L'assurée a renseigné le tableau annexé au questionnaire en indiquant effectuer cinq visites par jour, pendant lesquelles elle portait pour chacune d'elles 5 à 10 cartons de 5 à 8 kg représentant 400 kg en cumulé par jour, 75 kg en cumulé par jour pour la publicité sur le lieu de vente et 35 kg en cumulé concernant sa mallette à l'épaule, pour un total quotidien de 510 kg.
Pour sa part, lors de son contact téléphonique du 21 décembre 2018 avec l'enquêteur de la caisse, la société, par la voix de M. [W] [R] , indiquait :
''Je confirme les propos de [l'assurée] concernant ses tâches sur la partie maquillage du 1er mars 2010 au 31 mars 2011 et du 10 novembre 2011 au 1er juillet 2017.''.

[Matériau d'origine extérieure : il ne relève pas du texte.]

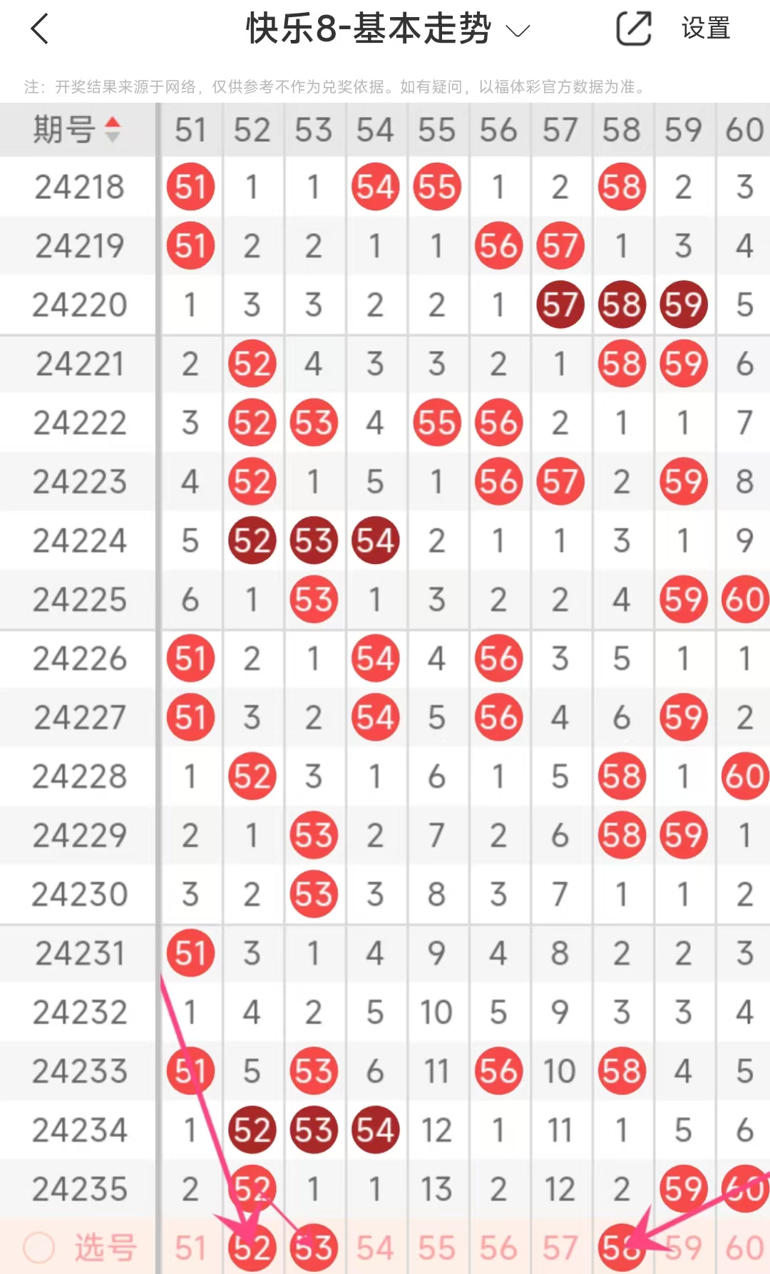 上期第六区间开出52 59 60,本期我们可以从上面走势图中看到选号的思路,本期推荐52 53 58
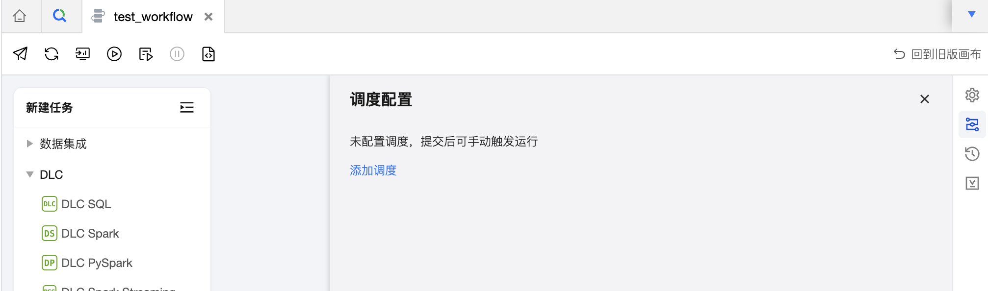 打开右侧抽屉调度配置。若未配置情况下则默认提交后不周期运行。您可在运维中心手动触发运行(类型任务调度模式下手动工作流的能力)。
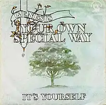 "Your Own Special Way" is a song by the English progressive rock band Genesis. The song was written by the band's bassist and guitarist Mike Rutherford. Released (in edited form) as the first and only single from their eighth studio album Wind & Wuthering, it became the band's first song to chart on the Billboard Hot 100, peaking at number 62.[3] The laid-back nature of the song stood in stark contrast to much of the band's earlier material and foreshadowed many of the band's later hits, such as the following album's "Follow You Follow Me".
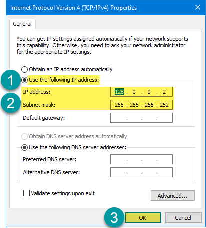 - Enter an IP address and a subnet mask that correspond to the IP address of the USB-C interface of the controller.
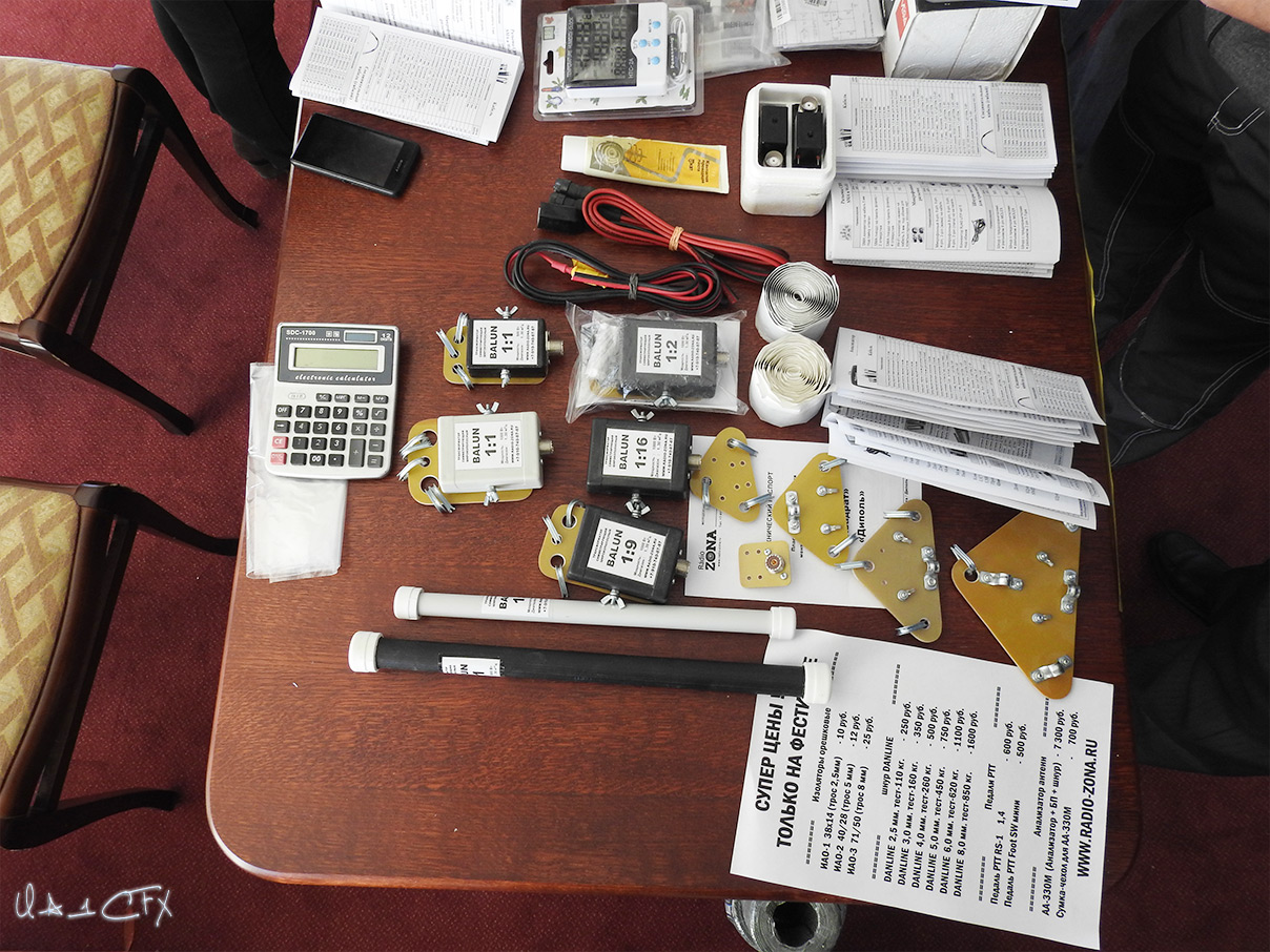 Я тоже не стал дожидаться, когда торговля свернётся или товар закончится, ибо у некоторых лотков стояли натуральные очереди. Одним их таких был лоток интернет магазина Евгения Медведева (R3WC) http://www.radio-zona.ru на котором продавалось много разных полезных для радиолюбителя товаров, по специальным для Фестиваля ценам. К нему-то я и поспешил, дабы купить себе то, что мне сейчас крайне необходимо для восстановления моей КВ антенны, а так же всяко-разно для будущих выездов в поля. Вложение:
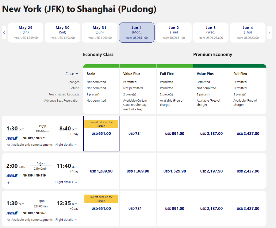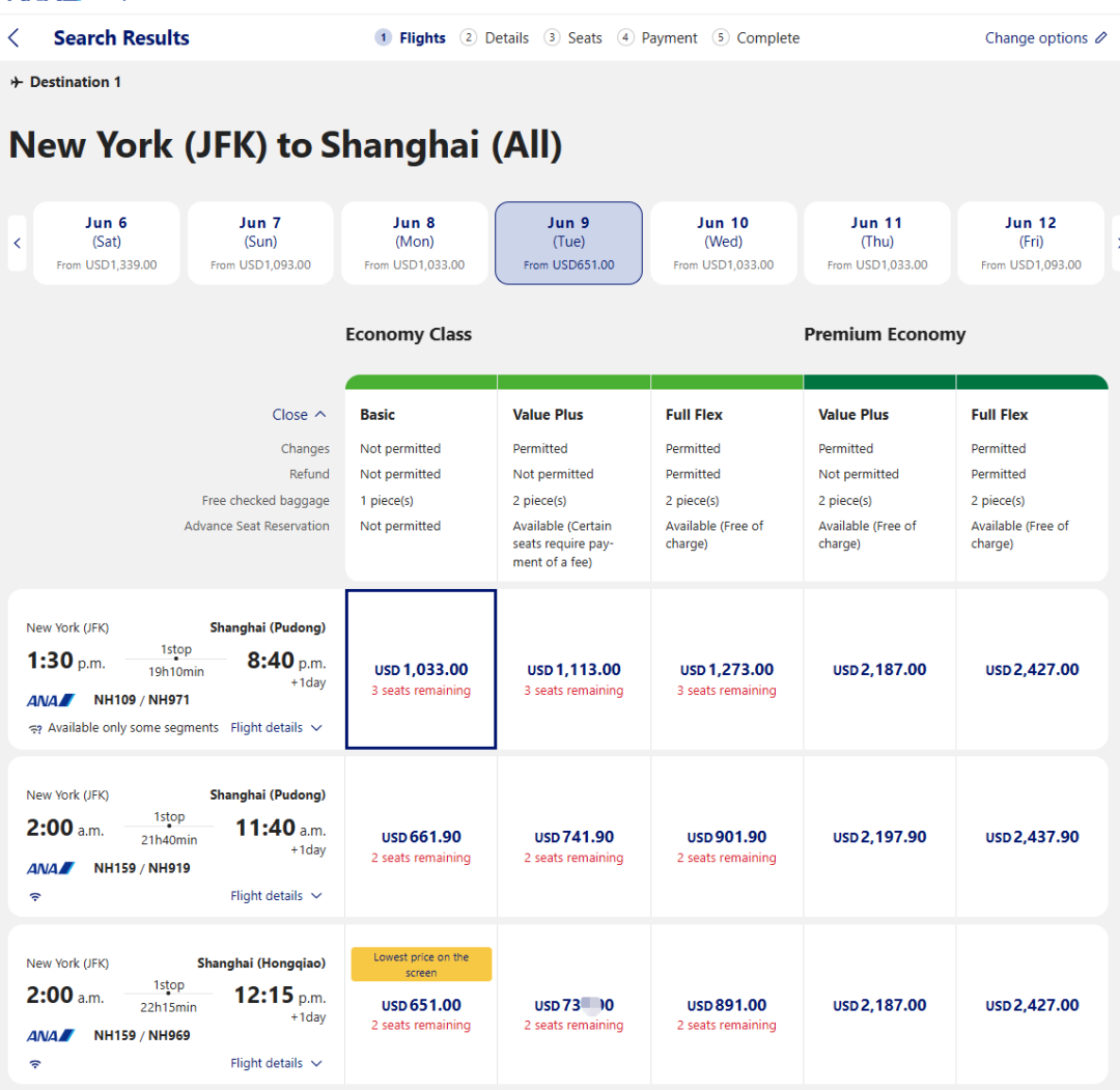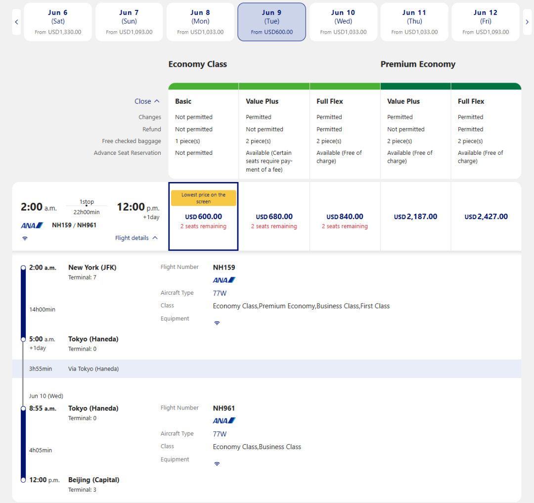 (截图来自机票网站/航空公司官网)
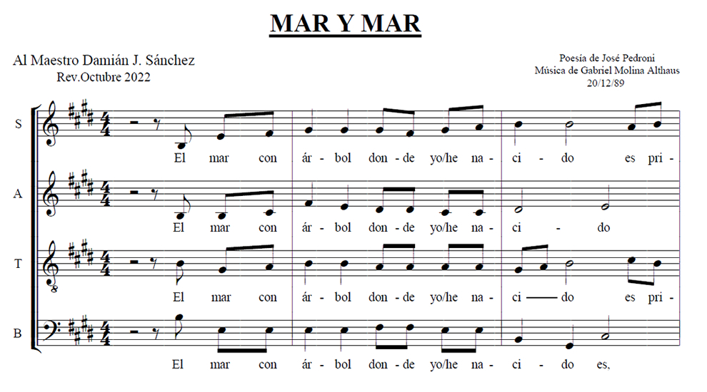 «Mar y mar» fue escrita para integrar la «Cantata a Don José Esperanza», estrenada en 1989 con motivo del 90° aniversario del natalicio de José Pedroni. La partitura fue aceptada por la Choral Public Domain Library y desde allí se difundió globalmente. Fue grabada por varios coros, tanto en Europa como en nuestro continente. Está dedicada al Maestro Damián Sánchez, amigo personal y gran admirador de la obra de Pedroni y autor de las más bellas musicalizaciones de varios de sus poemas («Cuando estoy triste» «Mamá angustia», «Lllegan por la siembra» «La cuna de tu hijo», entre otras.)
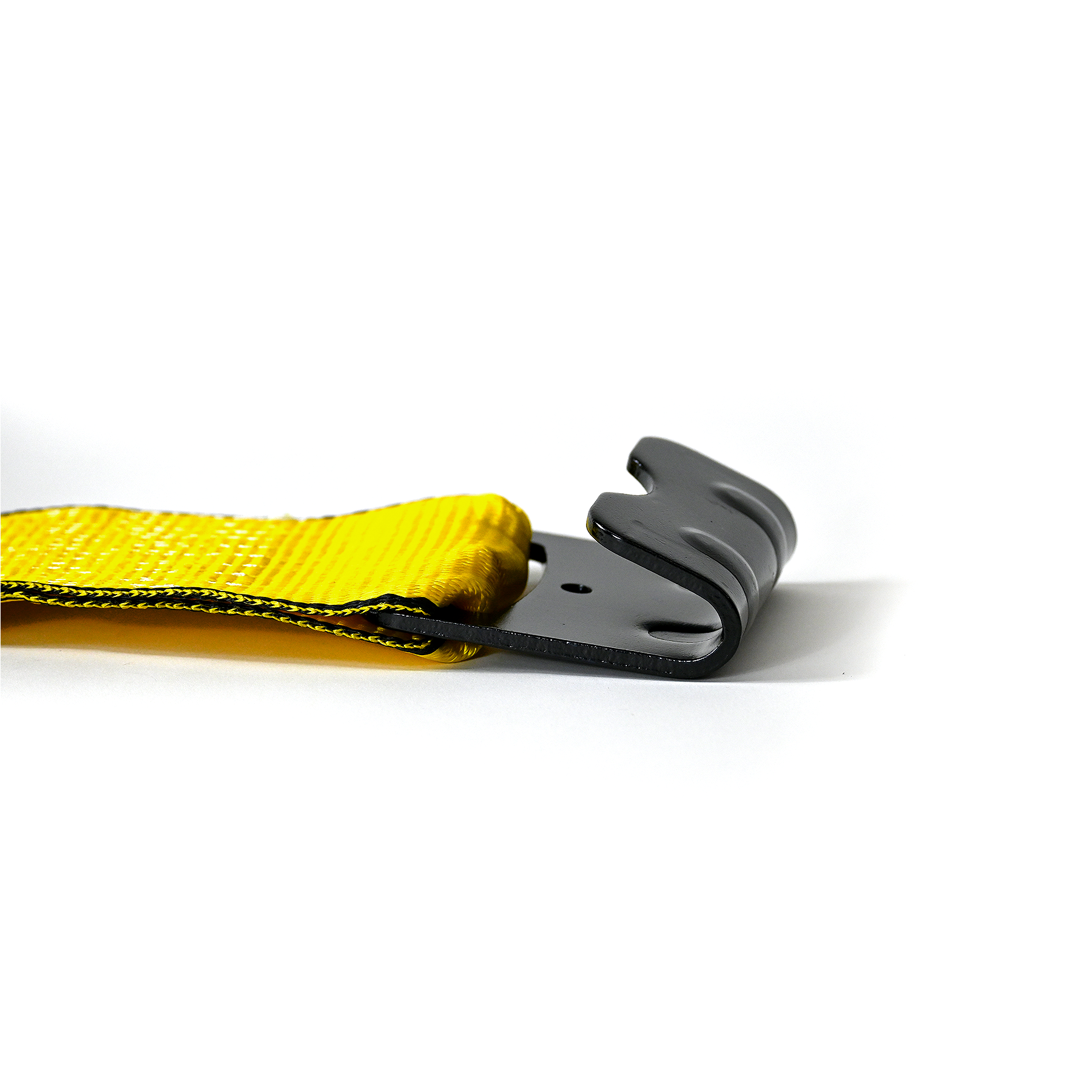 Heavy-duty winch strap with flat hook, designed for secure cargo tie-down in flatbed and transport applications.
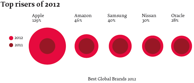 Apple (+129% groei in merkwaarde): ondanks het overlijden van Steve Jobs is de emotionele binding van de consument met het merk Apple sterker dan ooit, hetgeen nog eens werd bevestigd met de recente introductie van de iPhone 5. Ook ten overstaan van toenemende concurrentie van rivalen als Google (4) en Samsung (9) steeg de merkwaarde van Apple het afgelopen jaar met een indrukwekkende 40%. Apple blijft zich onvermoeibaar inspannen voor de bescherming van zijn merknaam en intellectuele eigendom. Die inspanningen leidden ertoe dat het bedrijf in juli een kwartaalomzet kon melden van 35 miljard dollar en een netto kwartaalwinst van 8,8 miljard.
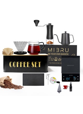 Experience complete professional coffee brewing at home or on the go with the MIBRU Professional V60 Coffee Set. This all-in-one set includes everything a specialty coffee lover needs to brew rich, balanced coffee—from precise measurement and consistent grinding to controlled pouring and stylish presentation. Every tool is designed for ease of use and to achieve the best possible coffee experience.
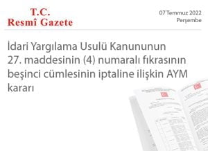 (07 Temmuz 2022 tarihli ve 31889 sayılı Resmi Gazete’ de yayımlanmıştır) İdari Yargılama Usulü Kanununun 27. maddesinin (4) numaralı fıkrasının beşinci cümlesinin iptaline ilişkin AYM
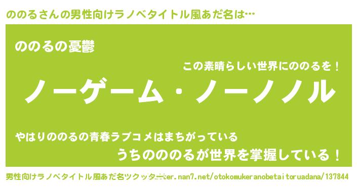| 女子向けラノベタイトル風あだ名 | 『死神ののるの再婚』 |
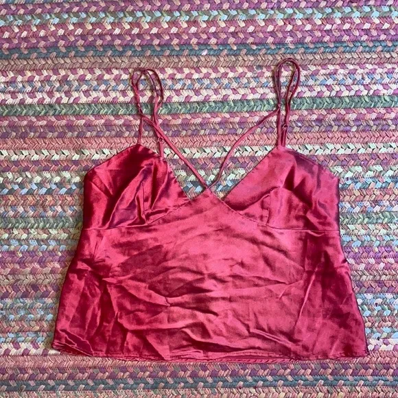 EUC. Sexy strappy detail. 100% silk. From 11/98 Chest 16” Length 18” Bundle to save ❤️

Or, il ne ressort pas du procès-verbal de son audition, que M. [W] [R] ait été complètement informé des données chiffrées fournies par l'assurée au sujet des charges journalières cumulées, pour lui permettre de répondre en toute connaissance de cause.
De part son caractère assez sommaire et en l'absence de toute constatation effecutée sur place, cette enquête n'apporte pas d'élément suffisant pour écarter les réserves émises le 03 septembre 2018 par la société qui conteste tout port ou manutention habituels de charges lourdes par l'assurée.
Les seules affirmations de cette dernière, non corroborés par un seul élément constaté objectivement par la caisse, qui n'a procédé à aucune analyse de poste, ne peuvent suffire à prouver que la condition d'exposition au risque prévue au tableau est bien remplie.
A défaut, la caisse n'ayant pas établi au contradictoire de la société la réalité de l'exposition au risque de l'assurée, ne justifie pas que toutes les conditions requises au tableau 98 des maladies professionnelles étaient remplies pour pouvoir prendre une décision de prise en charge. La caisse était donc dans l'obligation de saisir un CRRMP en application des alinéas 2 et 4 de l'article L. 461-1 du code de la sécurité sociale. Il y a lieu de déclarer la décision de prise en charge du 17 janvier 2019 inopposable à la société. (C Cass 2° civ.
1er juin 2011 n°10-16-571).
Le jugement sera dès lors infirmé en toutes ses dispositions.
Partie perdante la caisse sera tenue aux dépens de l'instance, l'équité ne commandant pas qu'il soit fait droit à la demande en paiement formée par la société en application des dispositions de l'article 700 du code de procédure civile.
PAR CES MOTIFS
LA COUR,
INFIRME en toutes ses dispositions le jugement (RG n°10/01659) prononcé le
14 avril 2021 par le pôle social du tribunal judiciaire de Paris ;
Statuant à nouveau,
DECLARE inopposable à la société [7] la décision du 17 janvier 2019 de la Caisse primaire d'assurance maladie Val-de-Marne de prise en charge de la maladie professionnelle déclarée le 24 juillet 2018 par Mme [L] [G] concernant une
'lombo-sciatique - tableau n°98" ;
DEBOUTE la société [7] de sa demande en paiement formée en application des dispositions de l'article 700 du code de procédure civile ;
CONDAMNE la caisse primaire d'assurance maladie du Val-de-Marne aux dépens.